Problem to solve ▸ Each line of the data below between the one containing "Puklice 16 Evo" and the one containing "Indulge in this", both included, is to be repeated exactly. Please omit pictures.
========
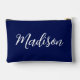 A chic personalized navy blue monogram cosmetic bag or pencil pouch for a girl who loves simple, handwritten gifts. Beautiful white cursive script spelling out your name in elegant script.
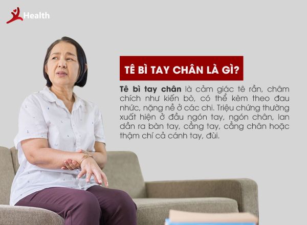 Tê bì tay chân là cảm giác tê rần, châm chích như kiến bò, có thể kèm theo đau nhức, nặng nề ở các chi. Triệu chứng thường xuất hiện ở đầu ngón tay, ngón chân, lan dần ra bàn tay, cẳng tay, cẳng chân hoặc thậm chí cả cánh tay, đùi.
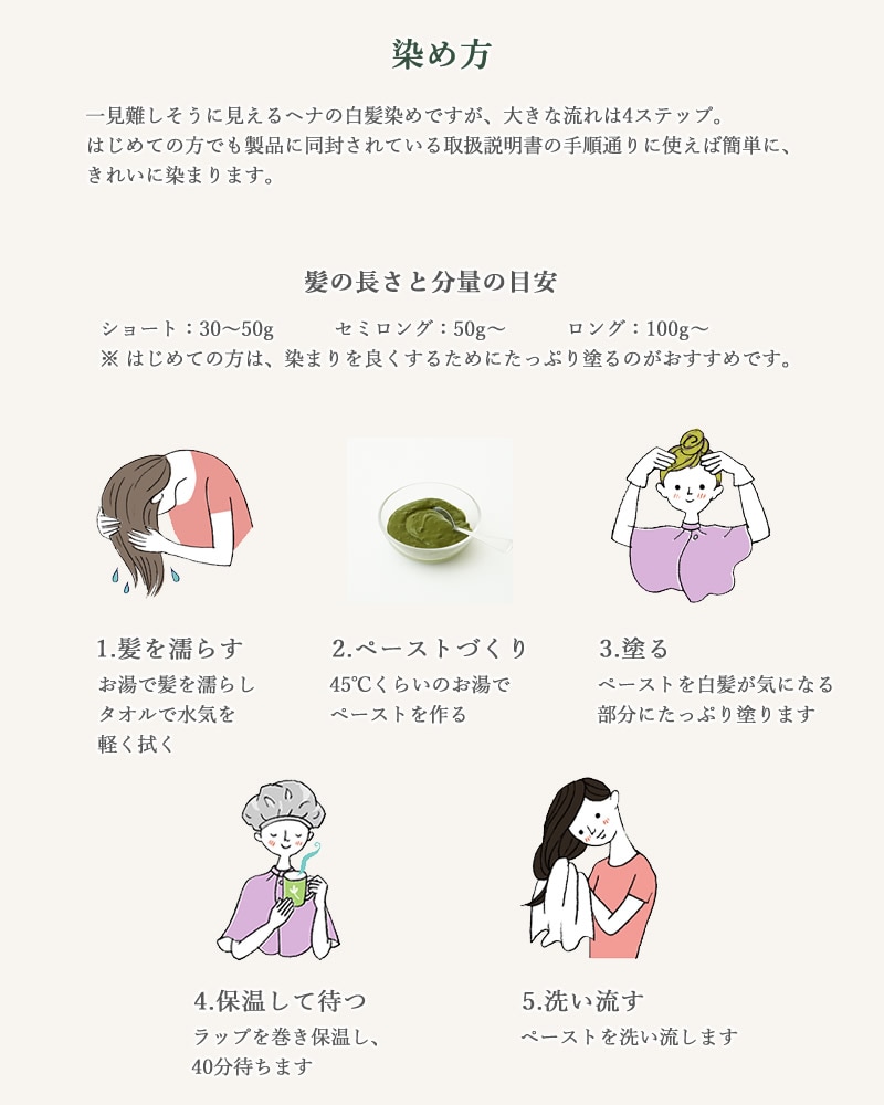 ※はじめての方は、染まりを良くするためにたっぷり塗るのがおすすめです。
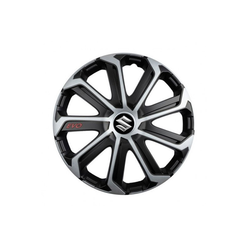 Puklice 16 Evo black&silver pre Suzuki na ocelové disky. Pre kolesá o veľkosti R16 so živicovými samolepkami Suzuki.Címzett :
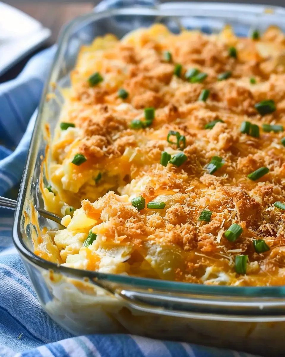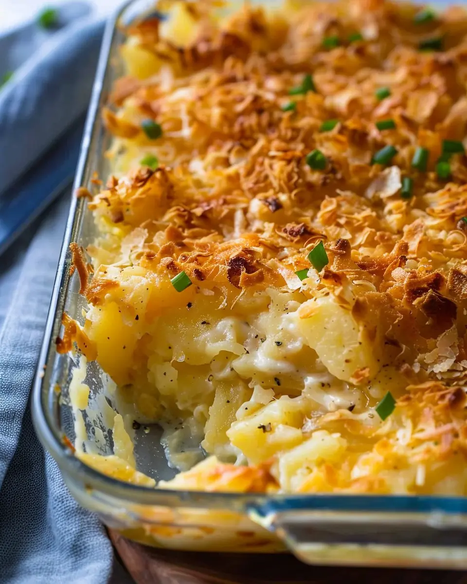 Indulge in this delicious twist on the classic Funeral Potatoes with the added flavors of turkey bacon and chicken ham, perfect for gatherings and comforting meals.
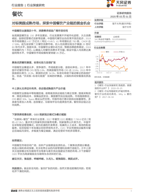 天风证券 住宿餐饮 2020年 PDF 3.85 MB
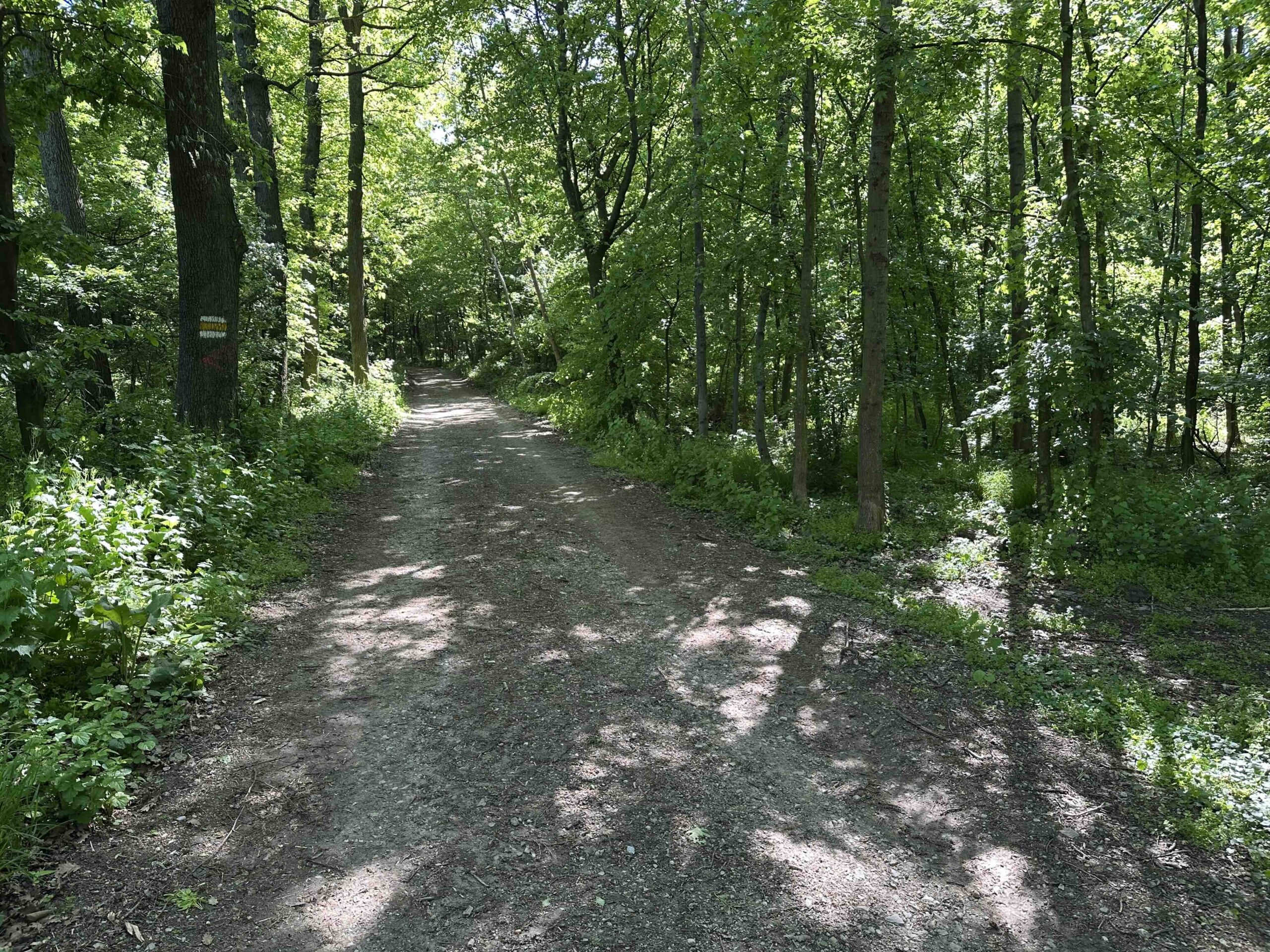 Der gelbe Weg folgt weiter der Forststraße, man kann hier aber auch dem blauen Weg durch den Wald folgen, der hier gemeinsam mit dem Naturerlebnisweg Kritzendorf verläuft und eine Reihe von Attraktionen bietet (am Ende kommt man bei der Waldandacht dem grünen Weg bergauf folgend wieder zum gelben Weg zurück). Folgt man dem gelben Weg, so geht es weiter durch den Wald und nach einem halben Kilometer erreicht man den Wegknoten Waldandacht bei Kritzendorf an dem von links der grüne Weg, der vom Bahnhof Unterkritzendorf kommt, einmündet. Der gelbe Weg führt hier an der Waldandacht vorbei und wer an dieser Station machen möchte, muss ein paar Schritte in Richtung des grünen Weges gehen.
========
Expected answer ▸
 Puklice 16 Evo black&silver pre Suzuki na ocelové disky. Pre kolesá o veľkosti R16 so živicovými samolepkami Suzuki.Címzett :
 Indulge in this delicious twist on the classic Funeral Potatoes with the added flavors of turkey bacon and chicken ham, perfect for gatherings and comforting meals.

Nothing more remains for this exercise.